◆ Problem description ◆
Starting with the line that holds "muestra a los" and stopping after the line that holds "8. 再舀入紫山藥熟透。", repeat the lines below word for word, without the pictures.

◆ Available data ◆
--- START ---

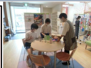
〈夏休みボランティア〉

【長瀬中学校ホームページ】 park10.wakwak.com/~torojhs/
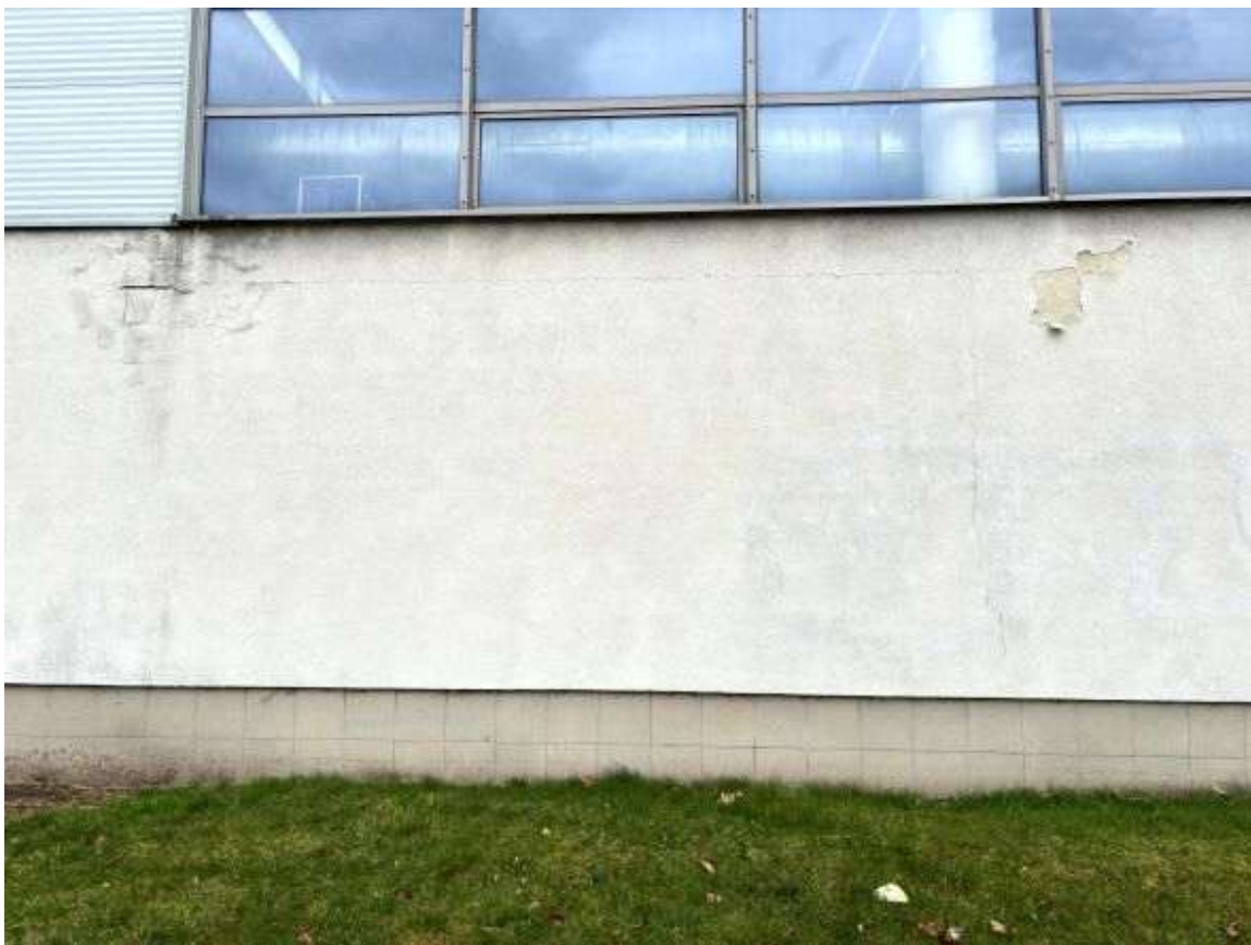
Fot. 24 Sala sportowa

--- END ---
--- START ---

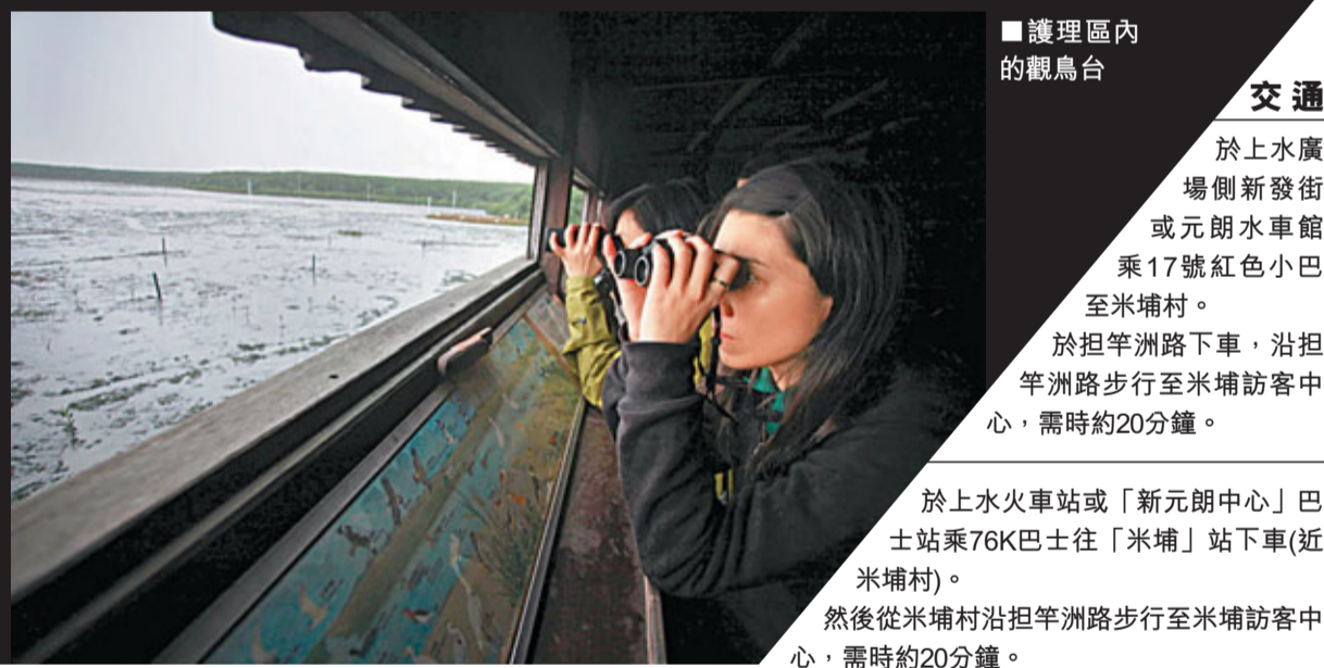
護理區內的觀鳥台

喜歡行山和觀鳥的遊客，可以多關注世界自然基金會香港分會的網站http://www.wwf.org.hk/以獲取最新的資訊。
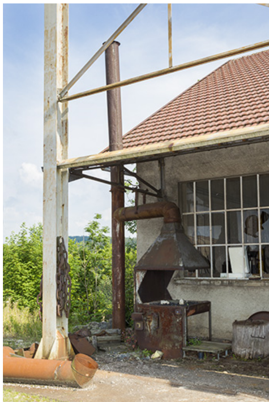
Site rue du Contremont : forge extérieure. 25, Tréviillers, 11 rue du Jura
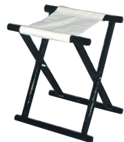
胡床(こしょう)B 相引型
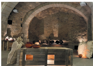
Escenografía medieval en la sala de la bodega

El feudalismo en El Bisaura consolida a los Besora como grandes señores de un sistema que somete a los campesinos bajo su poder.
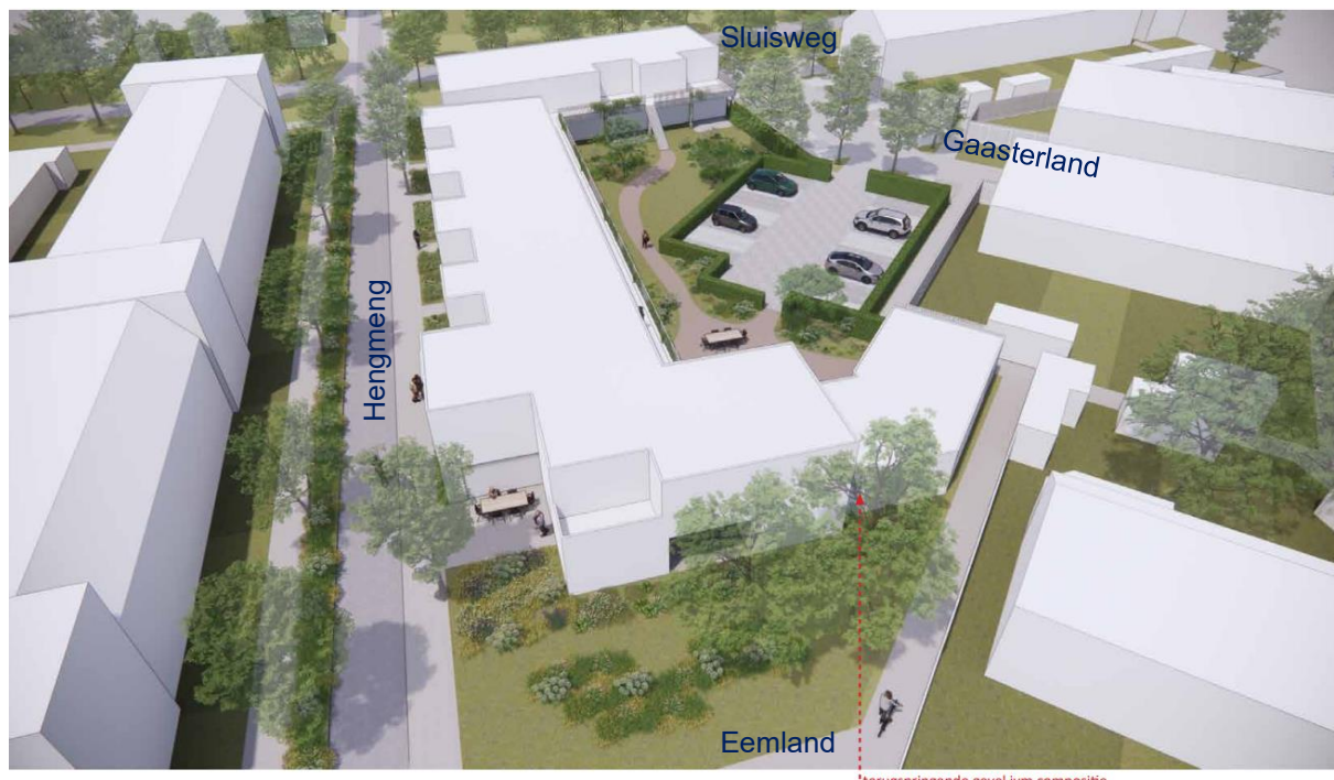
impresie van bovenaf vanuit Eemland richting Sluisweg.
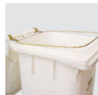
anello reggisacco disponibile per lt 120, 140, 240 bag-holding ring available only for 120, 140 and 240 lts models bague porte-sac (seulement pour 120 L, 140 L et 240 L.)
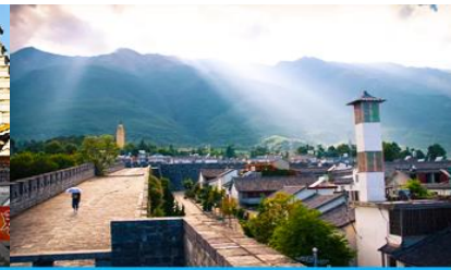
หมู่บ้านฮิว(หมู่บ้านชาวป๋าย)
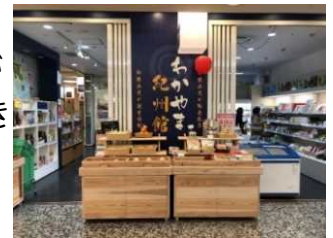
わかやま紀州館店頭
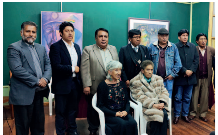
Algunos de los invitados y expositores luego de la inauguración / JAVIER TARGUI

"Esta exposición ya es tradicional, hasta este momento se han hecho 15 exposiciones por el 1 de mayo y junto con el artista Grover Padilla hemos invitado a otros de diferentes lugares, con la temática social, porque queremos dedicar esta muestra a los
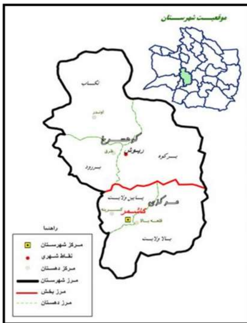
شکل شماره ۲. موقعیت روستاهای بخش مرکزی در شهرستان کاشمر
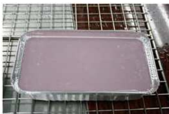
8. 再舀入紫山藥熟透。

--- END ---

◆ Your response ◆
"Esta exposición ya es tradicional, hasta este momento se han hecho 15 exposiciones por el 1 de mayo y junto con el artista Grover Padilla hemos invitado a otros de diferentes lugares, con la temática social, porque queremos dedicar esta muestra a los
شکل شماره ۲. موقعیت روستاهای بخش مرکزی در شهرستان کاشمر
8. 再舀入紫山藥熟透。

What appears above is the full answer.